Felix: Ne ciddi misin?
Hyunjin: Ne yazık ki..
-Han ve Felix-
Han: Onlar neden böyle yaptılar..
Felix: Bilmiyorum neden böyle oldu?
Han: Onları takip mi etsek acaba?
Felix: Hannie iyi misin? Onlar ajan 1 dakikaya kalmaz bulurlar bizi.
Han: Doğru söylüyorsun..
Felix: Hyunjin bana mesaj atıp geri çekti son saniyede koplayadım mesajı.
Han: Ne yazıyor?
Felix: Çocuklar beraber bu şehirden uzaklaşın Amerika'da New York'un oralara taşının Changbin hepimizin peşinde.. Amerika'da arandığı için oraya gidemiyor bu yüzden siz oraya gidin. Biz ise Londra'ya gideceğiz. Ama sizden hoşlanmıyoruz(!). Changbin mesaj dilinden anlamaz.

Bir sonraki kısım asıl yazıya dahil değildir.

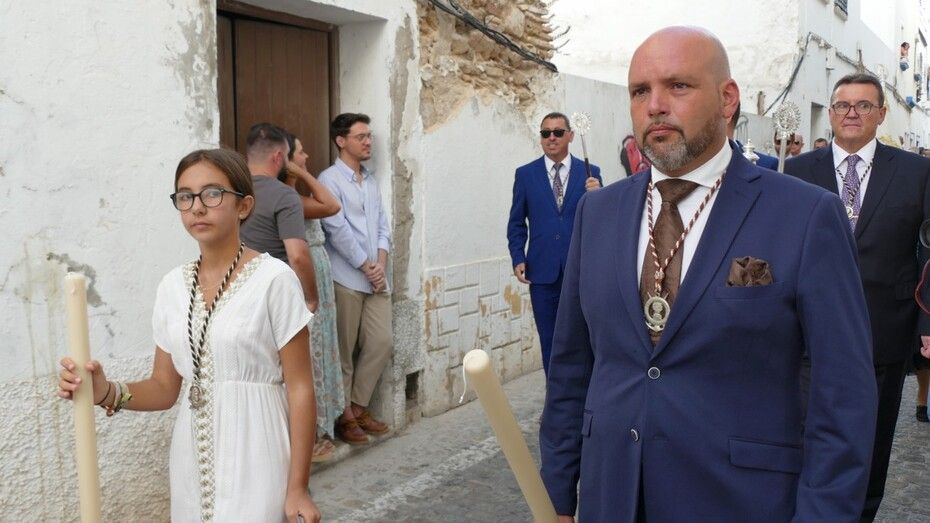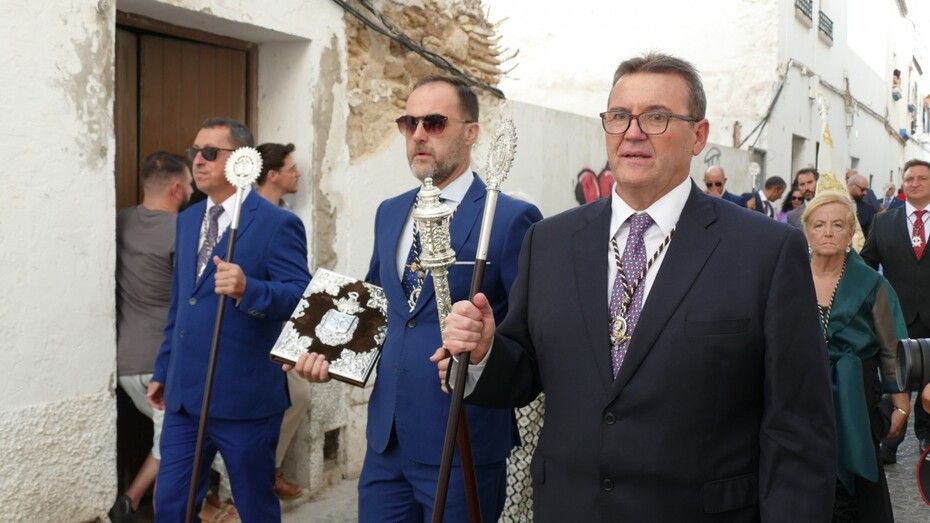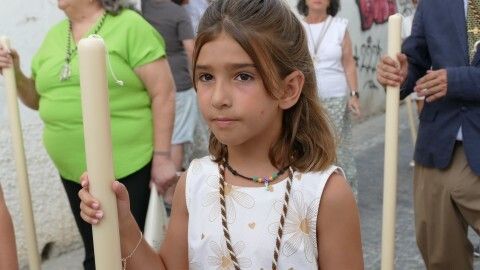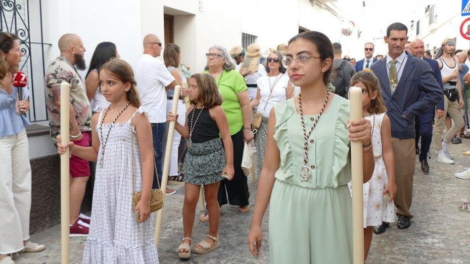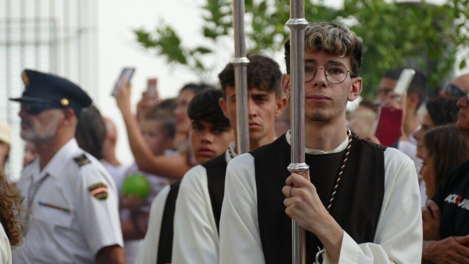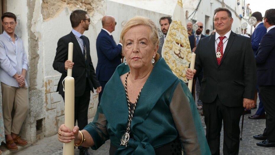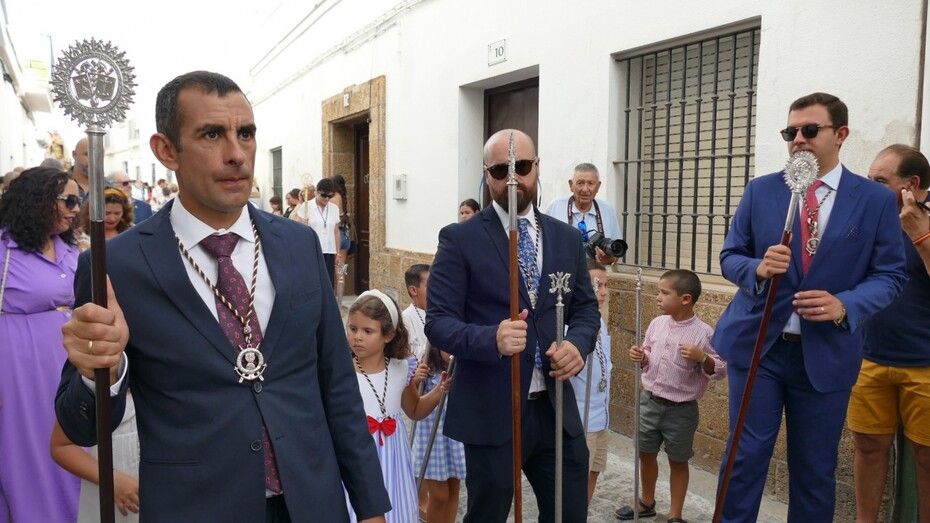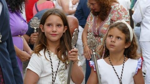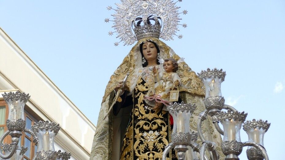 El repique de campanas desde la parroquia de Nuestra Señora de la O anunciaba la salida de la virgen en una plaza Bartolomé Pérez e inmediaciones que esperaba llena de público para verla en el día de su onomástica Lucía su saya y manto nuevos estrenados el año pasado, y unos pendientes restaurados que podrían datar de finales del siglo XVIII o principios del XIX.
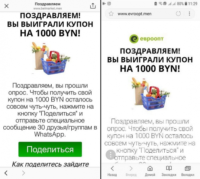 Мошенники под видом «Евроопта» и «Белмаркета» рассылают сообщения о крупном выигрыше. Фото: скриншот / соцсети Евроопта и Белмаркета
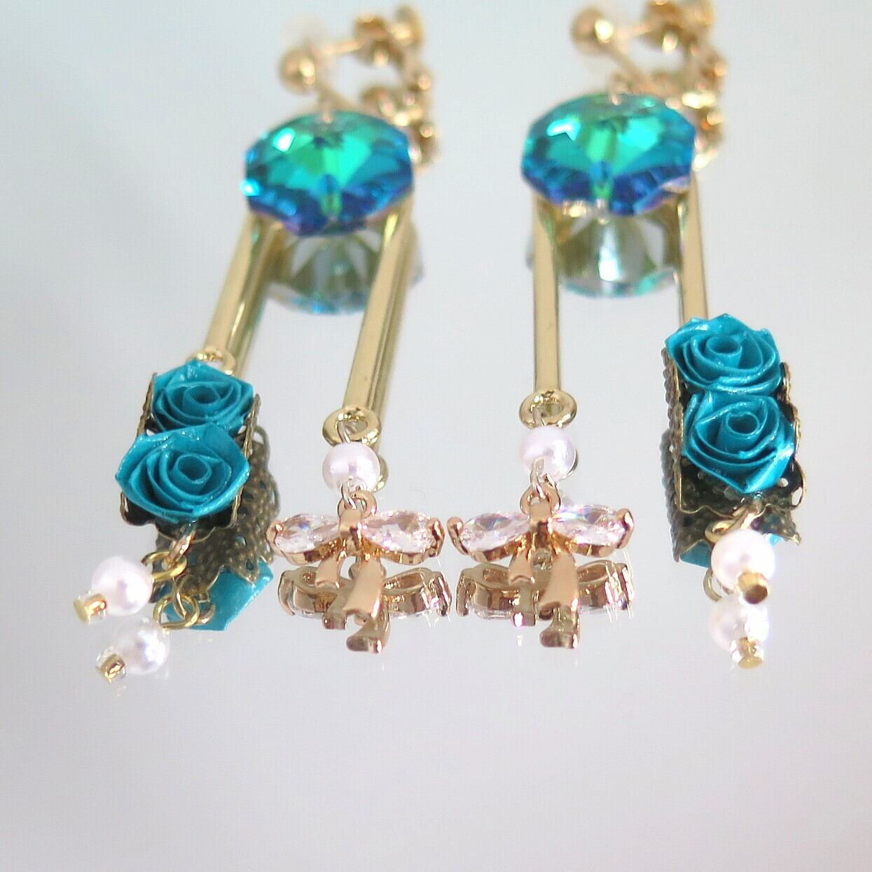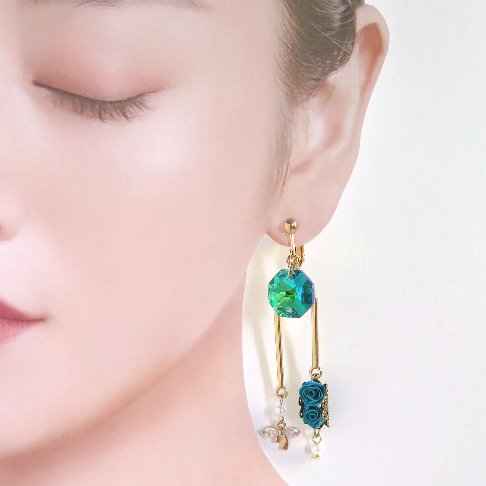 キラキラなビジューと艶やかな薔薇のダークロマンティックなピアス・イヤリング(グリーン)

Han: Yani bizden hoşlanıyorlardı..
Felix: Olum onu bunu boşver peşimizde ajan katil var.
Han: Biletleri aldım ben.
Felix: Sen evine git, ben evime gideyim eşyalarını paranı fln neyin varsa al topla.
Han: Tamam.
-Changbin'in Anlatımıyla-
Hedeflerimi sanırsam ilk Hyunjin ve Minho yapmalıyım. Kendilerini akıllı sandıklarından Londra'ya kaçmışlar. Onları bulur bulmaz katledeceğim. İşleri bir çırpıda bitecek sanırsam son kez vedalaşmış olmalılar ki diremt ayrılmışlar, bilmiyorlarki her türlü öldürelecekler.. Neyse şimdi bende onlarla aynı uçağa bineyim sonra onları takip eder bir yerde öldürürüm. Salak Minho'nun ajan eşyalarınıda aldık. Bir dakika aldık mı? Bir dakika umarım almışızdır. Şaka mı? Soktuğumun şirketi cidden almamış mı? Şaka gibi o zaman Hyunjin'in de var ne yapacağım, ne yapacağım. Planlarımı alt üst etti şirket şaka gibi. Artık tüm herşeyi geriden yapacağım. Onları tek tek öldürmem lazım ki o da zor çünkü ikiside benden daha iyi. Ya daa sevgililerini mi öldürsem. Ama onlardada en son uçak kalkmış ve şuan büyük ihtimalle Amerika'dalar ve onlara asla ulaşamam zaten kurtulmaları için kaçacakları tek yer orasıydı. Fakat Hyunjin ve Minho'da arandığı için zavallılar Amerika'ya gidemememişler. Tüh çok üzüldüm. Acaba gece mi katletsem onları, sabah mı? Bence gece daha heyecanlı olur.
-Hyunjin ve Minho-
Hyunjin: Uçakta Changbin yok değil mi? Kontrol ettirttin!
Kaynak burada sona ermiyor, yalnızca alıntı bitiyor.